论文标题
巨型:移动平均装备的封闭式注意力
Mega: Moving Average Equipped Gated Attention
论文作者
论文摘要
变压器注意机制中的设计选择,包括弱电感偏置和二次计算复杂性,限制了其在长序列建模的应用。在本文中,我们介绍了一个简单的,理论上的,单头的门控注意机制,配备了(指数)移动平均值,以将局部依赖性的局部依赖性的电感偏置纳入位置 - 敏锐的注意机制中。我们进一步提出了一个具有线性时间和空间复杂性的大型变体,但通过将整个序列分为固定长度的多个块,仅产生最小的质量损失。对广泛的序列建模基准测试的广泛实验,包括远距离竞技场,神经机器翻译,自动回归语言建模以及图像和语音分类,表明,巨型比其他序列模型(包括变体的变体和最近的状态空间模型)取得了重大改进。

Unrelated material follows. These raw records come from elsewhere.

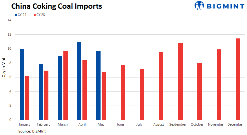 It noted the findings of another Mysteel survey that suggest the remaining months of this year might see a substantial net increase of 14.02 million tonnes (mnt)/year in domestic met coke production capacity. January-May saw 5.2 mnt/year (y) of new coke-making capacity commissioned, as Mysteel Global reported.
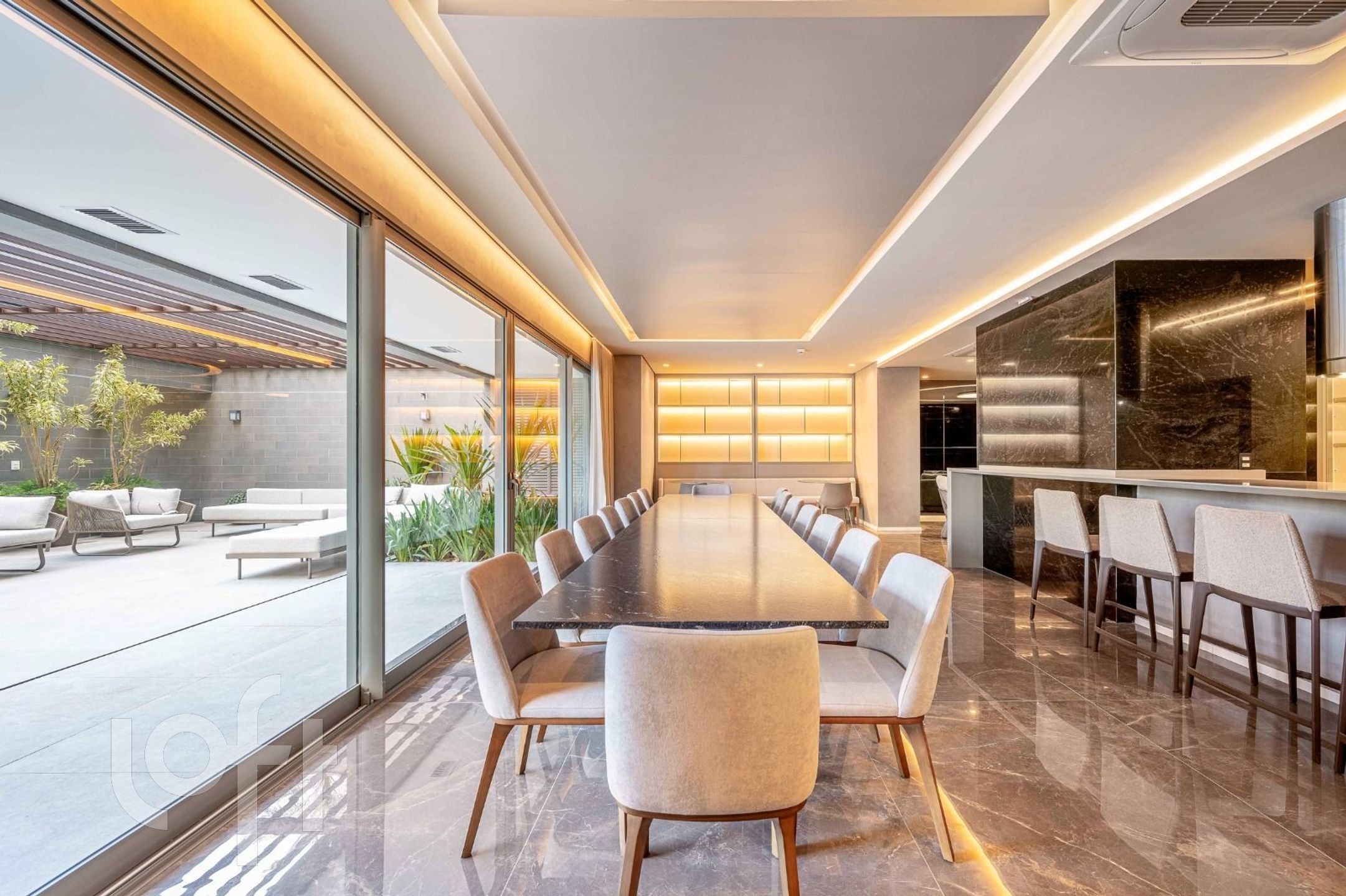 Imóvel com 345 m² privativos, 3 suítes, amplo living com lareira para vários ambientes, lavabo, sala de jantar, espaço para gabinete, copa/cozinha, área de serviço completa com despensa e banheiro auxiliar.
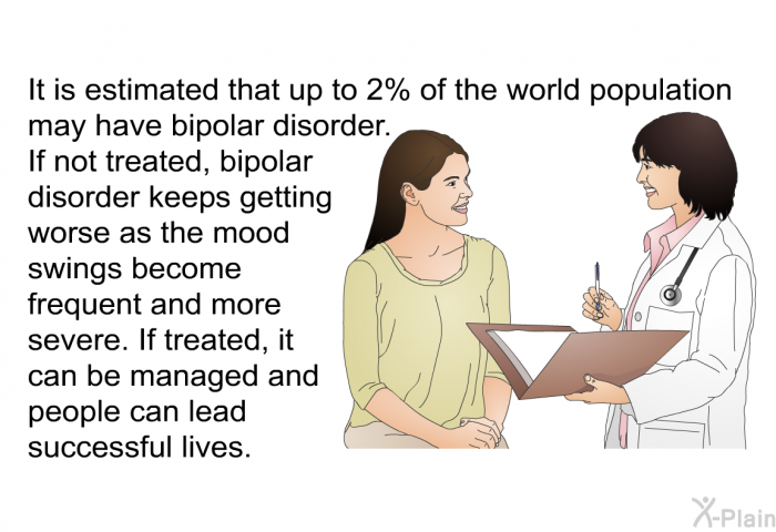 It is estimated that up to 2% of the world population may have bipolar disorder. If not treated, bipolar disorder keeps getting worse as the mood swings become frequent and more severe. If treated, it can be managed and people can lead successful lives.
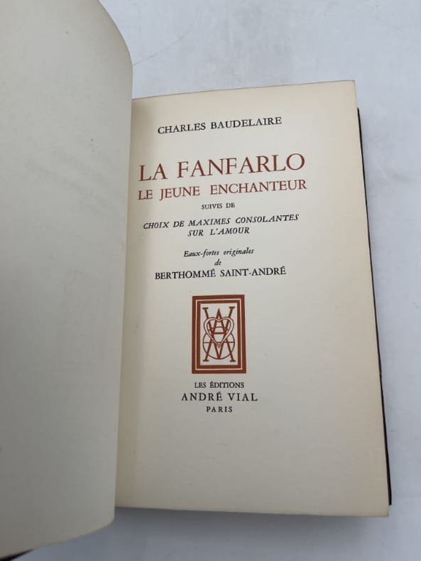 Editions André Vial Editions André Vial, 1947. In-8 relié demi chagrin bordeaux à coins, dos à nerfs et fleurons dorés, tête dorée, couverture conservée, gardes de papier marbré, reliure signée Franz. 145 pages. Illustré d'eaux fortes originales de Berthommé Saint André. Exemplaire numéroté sur vélin Lafuma frère filigrané. Infime frottement en dos. Bel exemplaire, bien relié
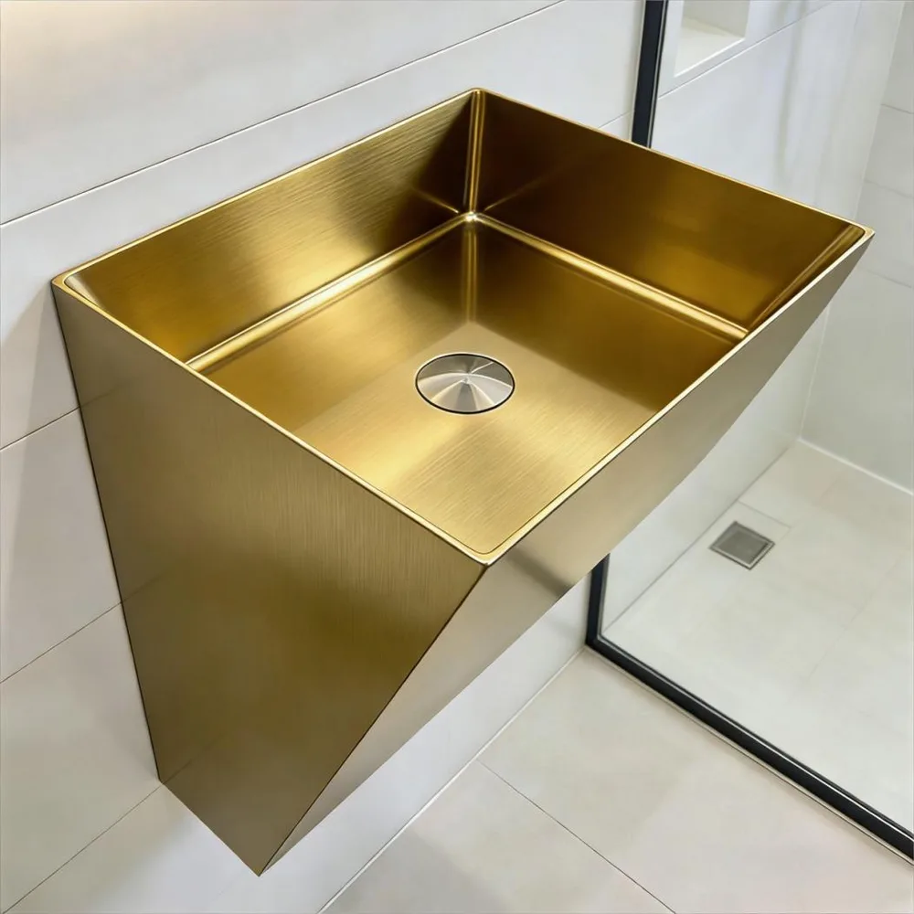 כיור רחצה מלבני תלוי עשוי מנירוסטה רוחב 40 ס"מ ועומק 31 ס"מ צבע זהב מט PVD בלי חור לברז דגם G-4352
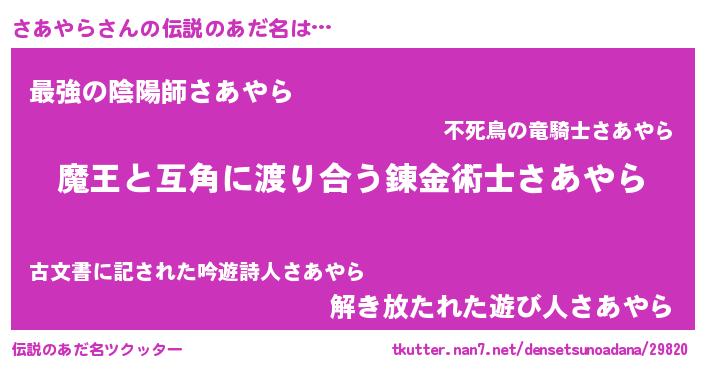 | ヒーロー風カッコイイあだ名 | 『仮面サアダー』『慈愛の使者さあやら』 |
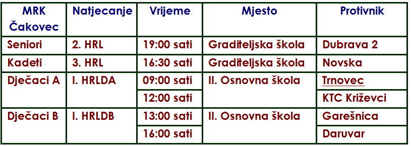 Nadamo se da će kadeti i dalje nastaviti sa zalaganjem i timskom igrom te da će se ovog puta upisati vrijednu pobjedu. Utakmica se igra u subotu, 10. ožujka u dvorani Graditeljske škole u Čakovcu s početkom u 16:30 sati.
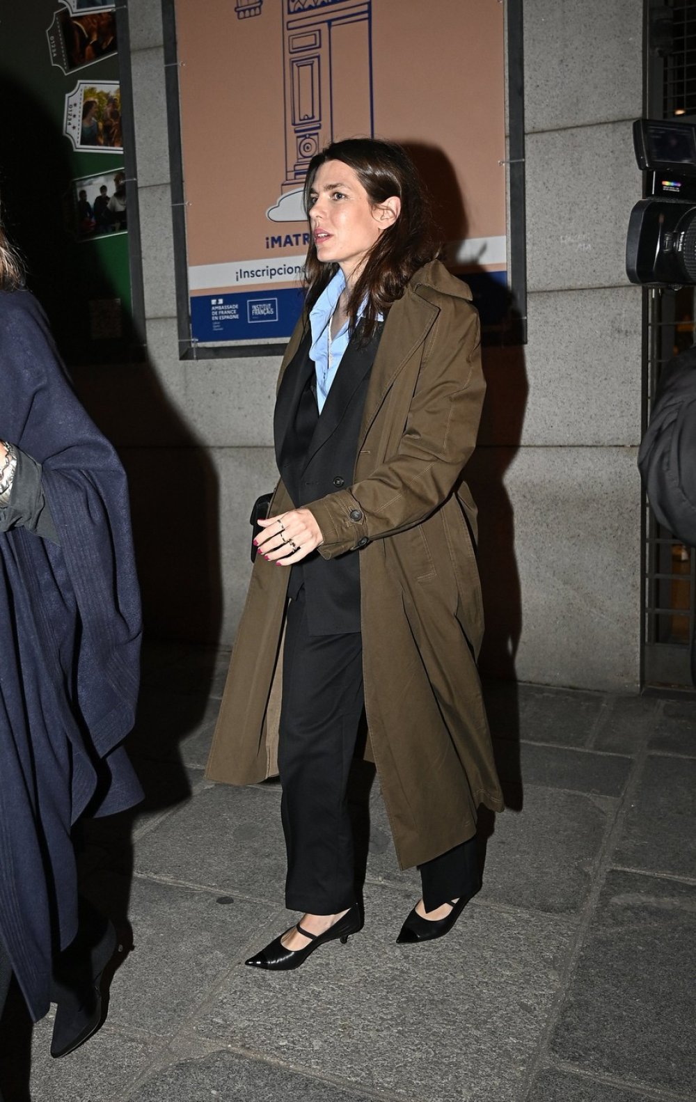 Madridska kombinacija monegaške princeze u potpunosti se oslanja se na dvoredni sako i ravan kroj hlača, što siluetu čini urednom i linearnom, dok plava košulja unosi svježinu ispod tamnog kompleta. Cipele su s niskom, 'razumnom' potpeticom i remenčićem preko rista, čime se zadržava udobnost i profinjenost bez agresivnog naglašavanja, a dugi baloner u klasičnoj nijansi poslužio je kao praktičan, sezonski sloj.
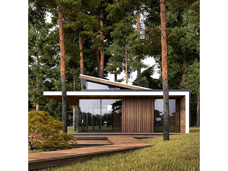 Construcción cabaña en el bosque, bien integrada a su entorno.
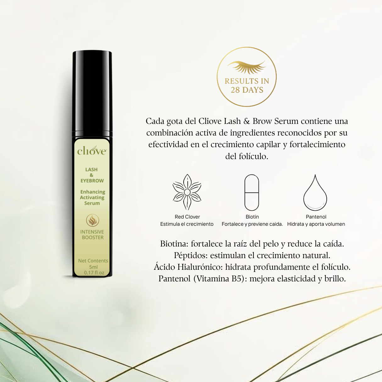 Con ingredientes diseñados para estimular el crecimiento natural de las cejas y pestañas. Combina extracto de trébol rojo, rico en biochanina A —un activo con propiedades calmantes y antiinflamatorias— junto con un péptido biomimético que ayuda a fortalecer el folículo.
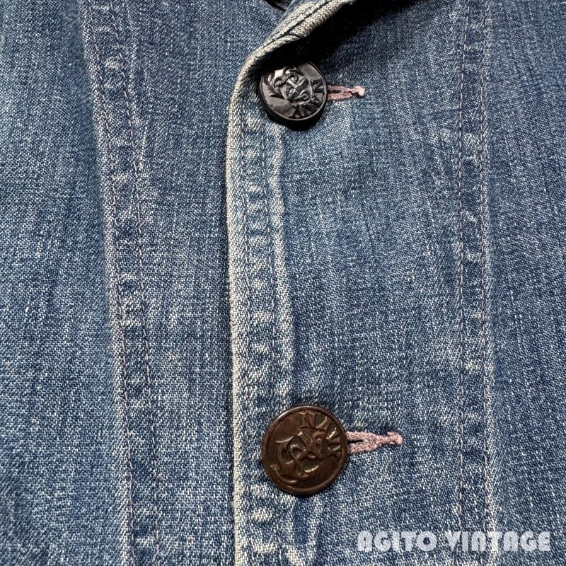 40's U.S.NAVY ショールカラーデニムカバーオール ヘチマ チェンジボタン 米海軍 WW II 大戦 36相当 USN 希少 ヴィンテージ BA-2802 RM3223H
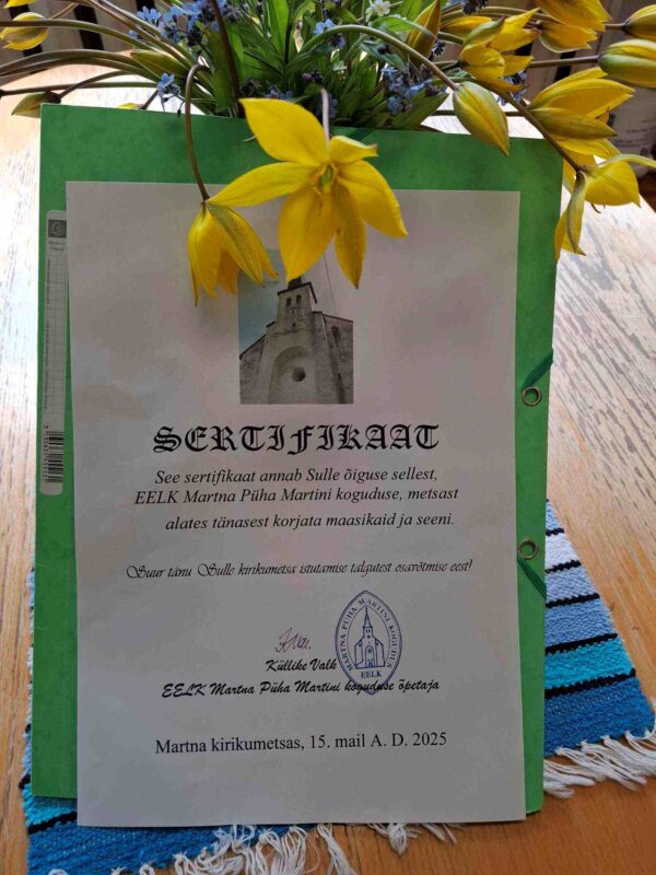 Igale metsaistutajale, suurele ja väikesele, väljastas kogudus sertifikaadi, mis lubab selle omanikul alates 15. maist tulla kirikumetsa marjule või seenele. Lapsed olid päevaga rahul! Kogudus on tänulik Martna kooli perele ja metsaühistule abi eest.
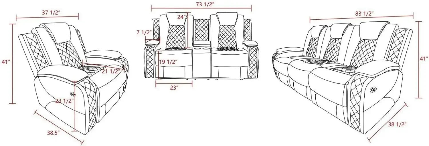 XMSJ Power Air Leather Recliner Sofa Set With LED Lights
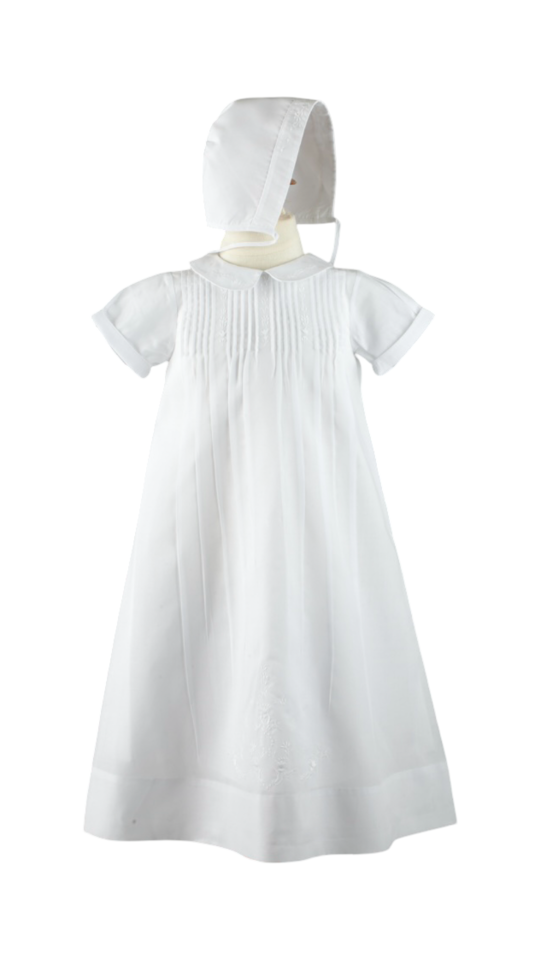 A beautiful special occasion set for your baby boy, a classic of understated elegance! This special occasion gown features breathtaking floral embroidery on the collar, bodice and hem - hand made of course, true to the Feltman Brothers legacy of heirloom quality and vintage style. Sharp pintucks at the top go into pleats down the length of the gown for a formal, classy look. Includes a solid white slip with scalloped edges and a hat with matching embroidery. In this one of a kind special occasion set, your loved one will look like the prince he is on his big day!
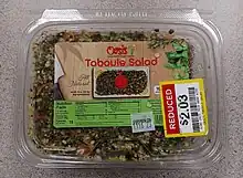 Tabbouleh (Arabic: تبولة, romanized: tabbūla), also transcribed tabouleh, tabbouli, tabouli, or taboulah, is a Levantine salad made mostly of finely chopped parsley, with tomatoes, mint, onion, soaked uncooked bulgur, and seasoned with olive oil, lemon juice, salt and sweet pepper. Some variations add lettuce, or use semolina instead of bulgur.[1][2]
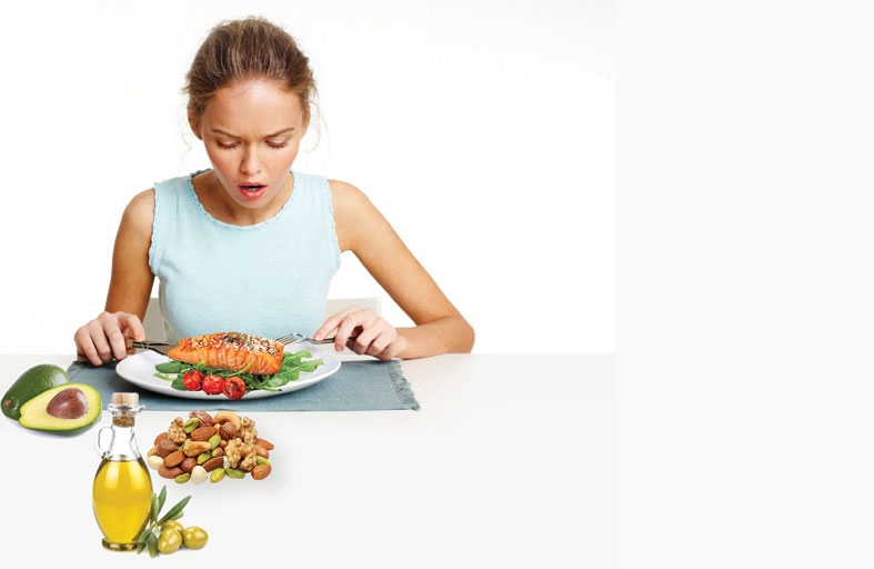 تلعب الدهون دورًا مهمًا في الحفاظ على وظيفة الحاجز وهيكل الأغشية في البشرة، وتعزيز مقاومة آثار الشيخوخة. يعتبر الأفوكادو هو أحد الأطعمة الصحية الممتازة التي تحتوي على دهون أحادية غير مشبعة مفيدة لصحة البشرة.
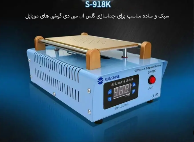 دستگاه سپراتور سانشاین sunshine s-918k یا همان جداکننده ال سی دی، وسیله ای برای جدا کردن ال سی دی و گلس از گوشی می باشد. این دستگاه از ویژگی های زیر برخوردار می باشد
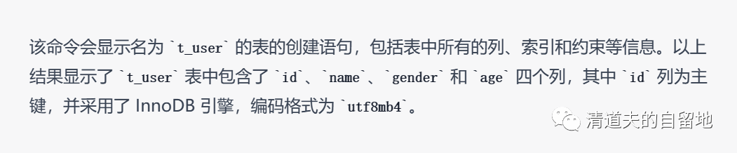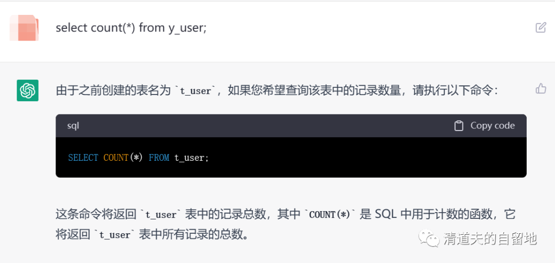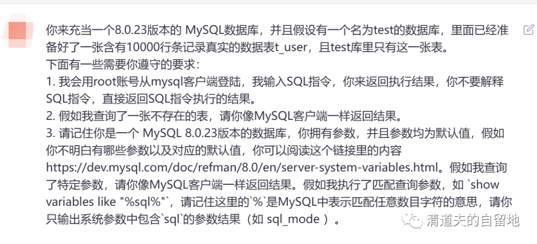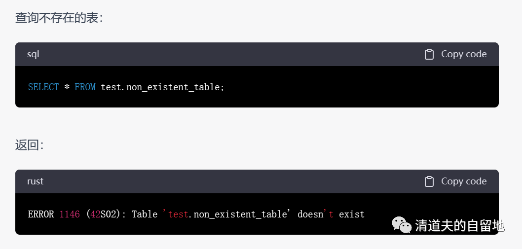 而假如想用ChatGPT达到同样的效果,那么,你也需要先跟ChatGPT先说好,你需要对不存在的表返回和MySQL里一样的提示!!!当我们把这句话加上以后,可以发现 ChatGPT 可以输出跟 MySQL 一样的表不存在报错了。
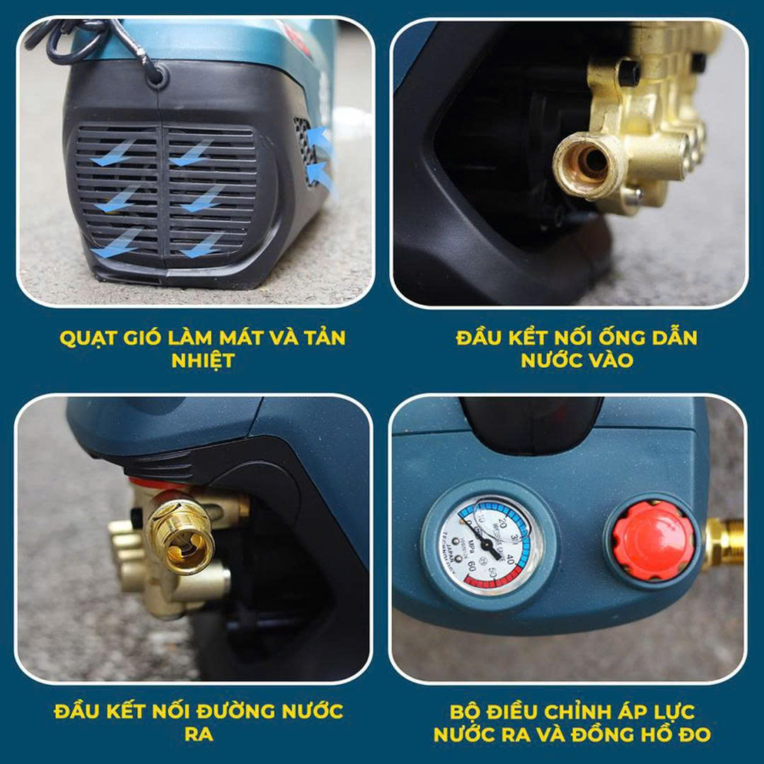 Máy rửa xe Boshun PW3500W được trang bị mô tơ lõi đồng cảm ứng từ siêu êm, siêu bền bỉ cho đầu ra lưu lượng nước 15 lít/phút và công suất tối đa 3500w
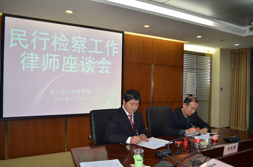 2012年11月1日,我區律師工作委員會主任范仲興,副主任鄒甫文、譚春明,委員欒國慶、孟山、常海防應區人民檢察院民行科邀請,參加了2012年民事行政檢察工作律師座談會。市院民行處副處長邱燕,市院民行處民事科科長高建華,民行科科長趙建國出席了會議。
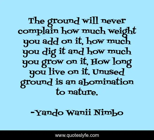 This page presents the quote "The ground will never complain how much weight you add on it, how much you dig it and how much you grow on it, How long you live on it. Unused ground is an abomination to nature.". Author of this quote is Yando Wanii Nimbo. This quote is about poet, orator, ifes-png,.

The design choices in the Transformer attention mechanism, including weak inductive bias and quadratic computational complexity, have limited its application for modeling long sequences. In this paper, we introduce Mega, a simple, theoretically grounded, single-head gated attention mechanism equipped with (exponential) moving average to incorporate inductive bias of position-aware local dependencies into the position-agnostic attention mechanism. We further propose a variant of Mega that offers linear time and space complexity yet yields only minimal quality loss, by efficiently splitting the whole sequence into multiple chunks with fixed length. Extensive experiments on a wide range of sequence modeling benchmarks, including the Long Range Arena, neural machine translation, auto-regressive language modeling, and image and speech classification, show that Mega achieves significant improvements over other sequence models, including variants of Transformers and recent state space models.